The output is a word-for-word repeat of the listing below, free of images.

Source data:
==========

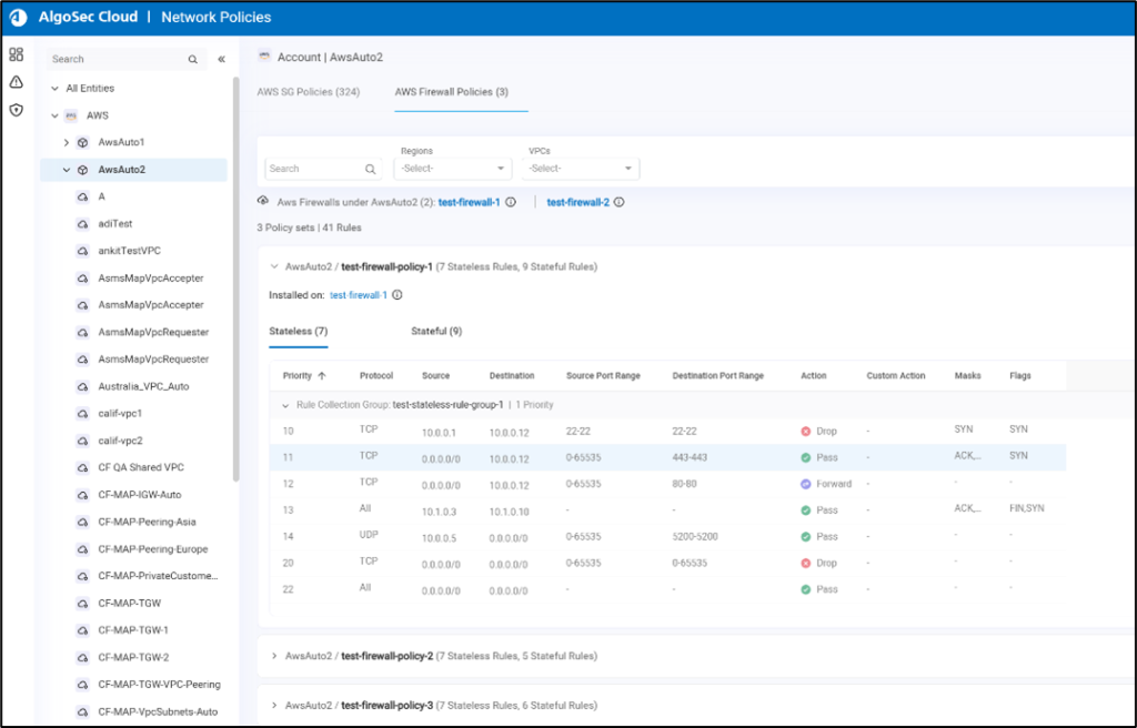 The following screenshot shows the Network Policies page on the AlgoSec Cloud console. The main account page shows the firewalls, the policy sets, and the rules.
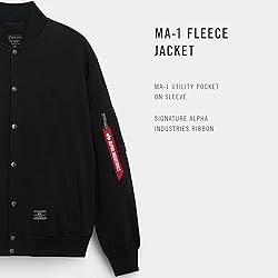 Alpha Industries MA-1 Fleece Jacket Soft Cotton Blend Utility Pocket Ribbed Cuffs and Hem Classic Military Inspired Design
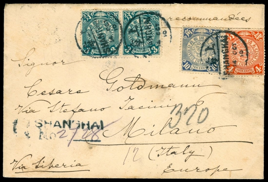 1910 (10/14) registered Shanghai to Italy, Via Siberia, franked with coiling dragon 3c. (2), 4c., 10c. Back Italian arriving c.d.s. (10/31).

==========

Solution for this exercise:
 The following screenshot shows the Network Policies page on the AlgoSec Cloud console. The main account page shows the firewalls, the policy sets, and the rules.
 Alpha Industries MA-1 Fleece Jacket Soft Cotton Blend Utility Pocket Ribbed Cuffs and Hem Classic Military Inspired Design
 1910 (10/14) registered Shanghai to Italy, Via Siberia, franked with coiling dragon 3c. (2), 4c., 10c. Back Italian arriving c.d.s. (10/31).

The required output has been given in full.